また、物件の情報に、オーナーとの取引形態や物件の場所など、詳細な情報がきちんと記載されているか確認することが大切です。さらに、いくつかの不動産業者に同じ物件があるかどうかをチェックすることもおとり広告にだまされないポイントになります。ほかの不動産業者も取り引きしていれば、きちんと流通している物件ということになるからです。
不当表示
不当表示とは、消費者が商品やサービスを実際には購入できないにもかかわらず、購入できるかのような表示を業者がすることをいいます。不当景品類及び不当表示防止法、いわゆる景品表示法に該当する不当表示は禁止されています。景品表示法には、おとり広告に関する不当表示を次のように記載しています。
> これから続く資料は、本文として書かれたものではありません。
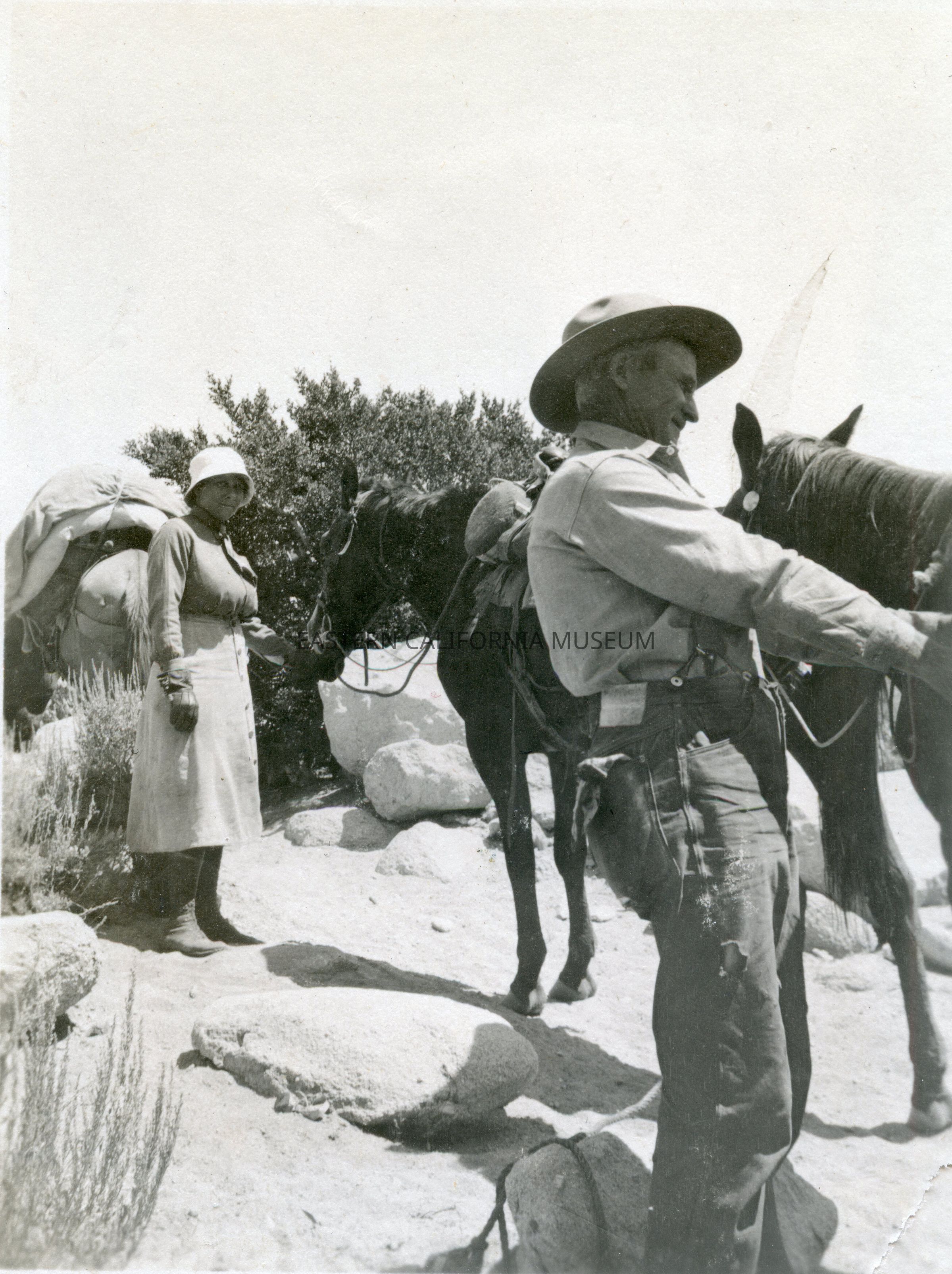 Photo of a man and woman with two horses and a pack mule. The man appears to be adjusting something on one of the horses as the woman looks on.
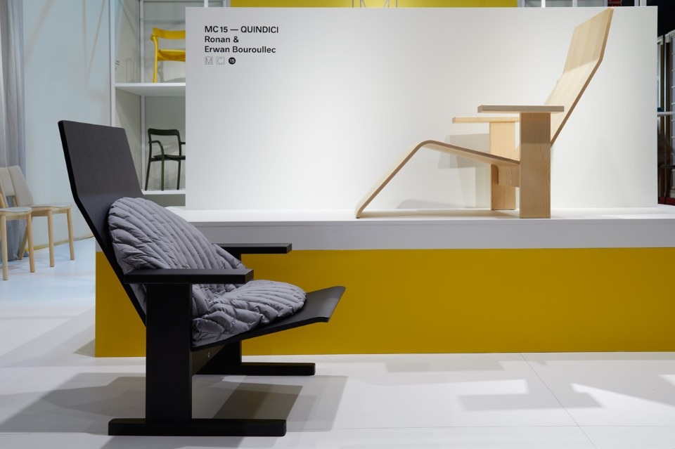 L’impianto della sedia è estremamente architettonico: tutto tende alla verticalità, in netto contrasto con l’orientamento e la curvatura dello schienale che s’innesta alla struttura tagliando la sezione quadrata del prolungamento delle gambe. Un passaggio sfidante è stato disegnare un tavolo per la sedia in cui l’innesto delle gambe fosse celato al di sotto del piano tavolo.
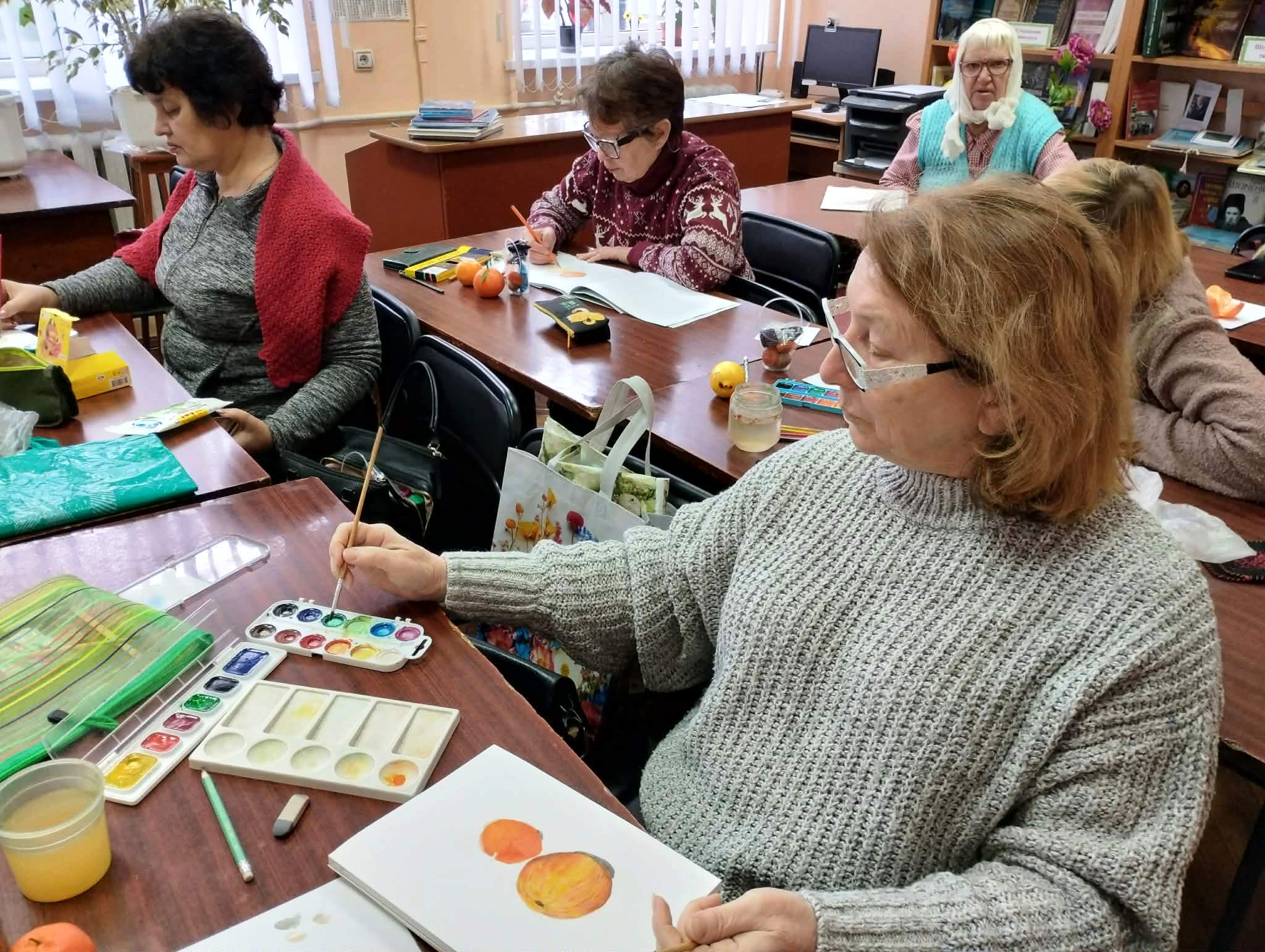 Вкотре аматорки пензля зібралися, щоб разом з художницею бібліотеки Катериною Смирновою занурилися в світ живопису та помаранчового настрою.

  1. 取引の申出に係る商品・サービスについて、取引を行うための準備がなされていない場合のその商品・サービスについての表示
  2. 取引の申出に係る商品・サービスの供給量が著しく限定されているにもかかわらず、その限定の内容が明りょうに記載されていない場合のその商品・サービスについての表示
  3. 取引の申出に係る商品・サービスの供給期間、供給の相手方又は顧客一人当たりの供給量が限定されているにもかかわらず、その限定の内容が明りょうに記載されていない場合のその商品・サービスについての表示
  4. 取引の申出に係る商品・サービスについて、合理的理由がないのに取引の成立を妨げる行為が行われる場合その他実際には取引する意思がない場合のその商品・サービスについての表示
罰則
おとり広告を行っている事業者に対しては、消費者庁長官が措置命令などの措置を行います。
おとり広告の相談窓口
おとり広告によるトラブルにあった場合には、国民生活センターや消費者センターで相談することができます。また、おとり広告と思われる広告があった場合には、消費者庁や都道府県の不当表示申出制度へ申し出を行うことができます。

なかなかなくならないおとり広告

おとり広告の種類
真っ当な不動産業者にとって、忌避すべきものが「おとり広告」です。人を惹き付けることにだけ高い能力を持っている存在を「客寄せパンダ」と言って揶揄しますが、「おとり広告」はさらにタチが悪いと言えるでしょう。何しろ「おとり広告」に載っているのは架空の空室状況だったり、売却済み物件だったり、最初から取り引きする意思がなかったりと、そもそも商品として存在していないものだからです。その広告に惹かれてやってきたお客さんは、別の物件を勧められることになります。 先に述べたとおり、おとり広告には次の3種類があると言われます。
  • 架空物件
    物件そのものが存在しないため、実際には取引することができない物件
  • 契約済み物件
    物件は存在するが実際には契約済みで、取引の対象となり得ない物件
  • 意思なし物件
    物件は存在するが、実際には取引する意思のない物件
また、ネットの不動産ポータルサイトの場合は、
  1. タイムラグ(成約状況がリアルタイムで反映されない)
  2. 削除忘れ
といった問題も指摘されています。結果としておとり広告と同じ「借りられない物件」が広告されている、ということです。
進む対策強化
最近ではおとり広告の存在がクローズアップされ、TV、新聞、雑誌などでよく取り上げられるようになりました。首都圏では業界・ポータルサイトを含めたおとり広告対策がすでに始まっているのですが、SUUMOジャーナル(2017/9/1)によれば、新たに近畿圏でも取り組みが始まったそうです。近畿圏のおとり広告は全国集計の43%を占めており、物件掲載数の割合から考えれば、ダントツで比率が高いとのこと。これからはポータルサイト広告適正化部会がおとり広告や不当表示を把握し、不動産業者間で情報を共有。表示規約違反として措置を受けた業者は、同部会を構成する5社が運営するサイトへの広告出稿を最低1ヶ月以上停止するそうです。 この他にも「借りられない物件」の広告掲載を減らす工夫をしたり、管理会社との連携を強化したりする取り組みも進んでいます。
おとり広告は時代遅れ?
取り締まりの強化と共に、最近では消費者が「情報の正確さ」を重視する傾向が強まっていると言います。インターネットなどで目当ての物件を見つけて不動産業者にアクセスした消費者がおとり広告を掴まされた(情報が間違っていた)場合、二度とその会社に問い合わせをしないという人が増えているのです。加えて規約違反のペナルティーを考えれば、おとり広告はデメリットしかない、時代遅れの手法になったとも言えます。なかなかなくならないおとり広告ですが、いずれ純粋な情報の質が勝者を決める時代が来るでしょう。